J’ai acquiescé, après un coup d’oeil appréciateur auluxueux mobilier roulant.

– J’vous fais venir ici pour vous prévenir.

– Me prévenir de quoi?

– Ils sont sur ma piste.

– Qui ça, les types de l’ONU?

– Oui… enfin… L’équipe spéciale de l’UCHRO…

– UCHRO? Jamais entendu parler. J’en connais pourtant un rayon…

– Bouclez-la, vous ne connaissez rien… UCHRO, c’est Unknown Cortex Human Ressources Organization, c’est un département ultra-secret, ils l’ont mis en place exprès pour nous…

– Qui, nous?

– Nous, les autres comme moi…Bon, écoutez, leur escadron de pisteurs a remonté ma trace jusqu’à Munich, ce qui veut dire qu’ils sont déjà à Grenoble… J’ai contacté Grunz pour lui dire de quitter la ville, et je vais vous conseiller d’en faire autant.

– Paniquez pas, je suis un grand gars…

Là, elle s’est violemment empourprée.

– Fermez-la! Et ouvrez grandes vos antennes: ils viendront sûrement fouiner par ici et ces gars-là sont des sérieux, formés par les meilleurs services spéciaux de la planète, ou le Space Corps des Marines. Ils sont dotés d’armes anti-psy qui sont également très efficaces contre les humains, alors j’ai dû prendre des mesures… draconiennes.

– Qu’est-ce que vous voulez dire?

– Vous vous en rendrez compte en vous réveillant… Dans quelques secondes, je vais disparaître. Puis le wagon suivra, et vous vous réveillerez, dans deux ou trois heures… Je peux aussi vous dire que ce sera une fille…

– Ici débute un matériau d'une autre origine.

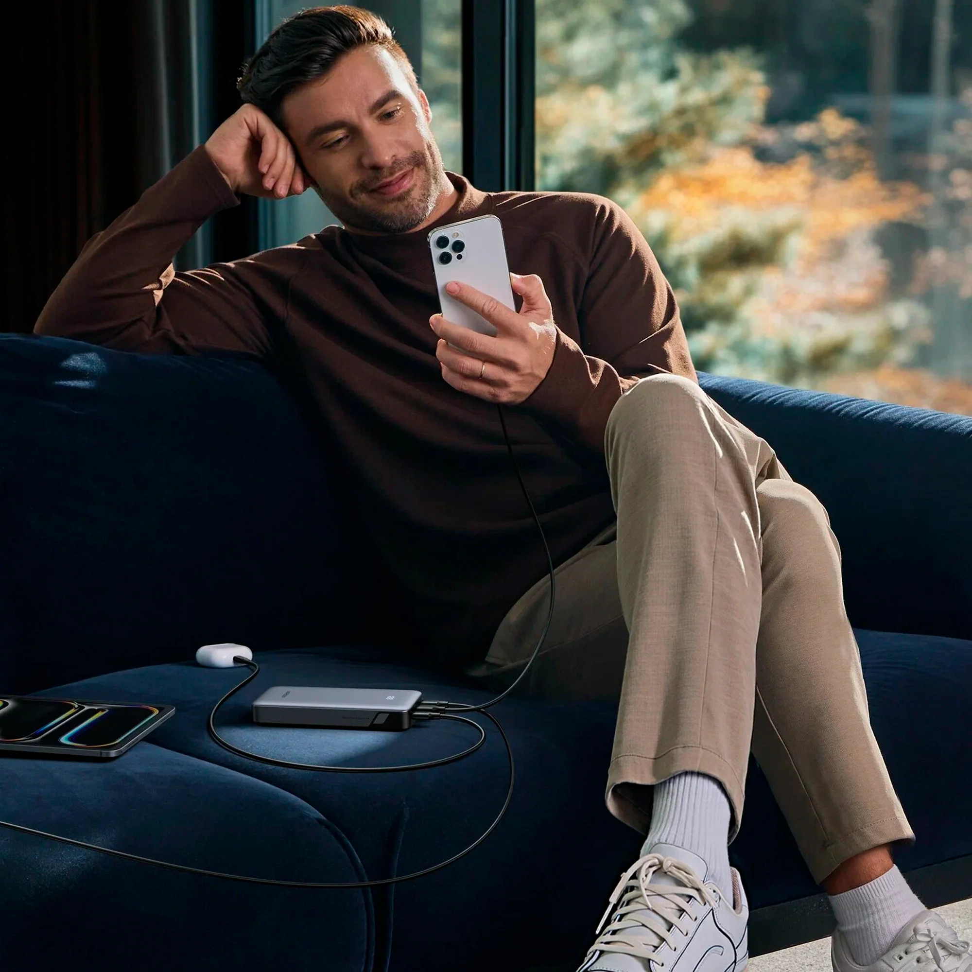 Аккумулятор оснащен портами USB-C и USB-A. Это позволяет заряжать устройства с различными разъемами одновременно. Порт USB‑C поддерживает до 30 Вт как на входе (зарядка внешнего аккумулятора), так и на выходе (зарядка устройств).

– Dakota, attendez… j’ai fait, dans un élan instinctif.

– Non, j’use de l’énergie inutilement, je dois interrompre la communication.

Merci pour l’énergie inutile, j’ai pensé, piqué au vif, avant que tout ne s’éteigne dans l’ordre qu’elle avait annoncé.

Lorsque je me suis réveillé, il faisait encore nuit. Une nuit noire.

Tellement noire que je n’y voyais plus rien dans le recoin où je me trouvais. J’ai trouvé ça bizarre, parce que ça fait des décennies que je connais les nuits boréales électriques de la conurb.

Je me suis levé et j’ai marché jusqu’à la baie vitrée qui s’ouvrait sur la terrasse.

J’avais jamais vu ça de ma vie. Même lors de la guerre civile, alors que j’avais dix ans, les parties en présence avaient essayé de conserver intactes les centrales énergétiques.

La nuit était noire et elle s’étendait de toutes parts.

Plus d’éclairage urbain, plus de feux, plus d’écrans publicitaires géants, plus de lumières dans les appartements, à des kilomètres à la ronde. Plus rien. Même les bulbes lumineux du centre politico-financier de Marne-la-Vallée avaient disparu.

Pour la première fois de mon existence, je pouvais discerner le ciel de nuit au-dessus de la Ceinture, sans les interférences du dôme d’énergie dégagé par la ville.

Les étoiles brillaient comme une réplique cosmique de la conurb disparue. Je pensais à monsieur Tchou, et je me disais que son ciel nocturne façon manga devait lui sembler bien inutile maintenant.

J’ai entendu du bruit derrière moi et j’ai vu Youri qui rappliquait.

– T’as vu? il a fait.

– Y’a plus rien à voir, c’est ça qu’est drôle.

– Connard. Merde, pourquoi qu’elle a fait ça?

Je me suis tourné vers lui.

“ Qu’est-ce qui lui prend? Il fait semblant de pas savoir?… ”

– A ton avis? Tu penses que c’est juste parce que le programme de télé lui plaisait pas?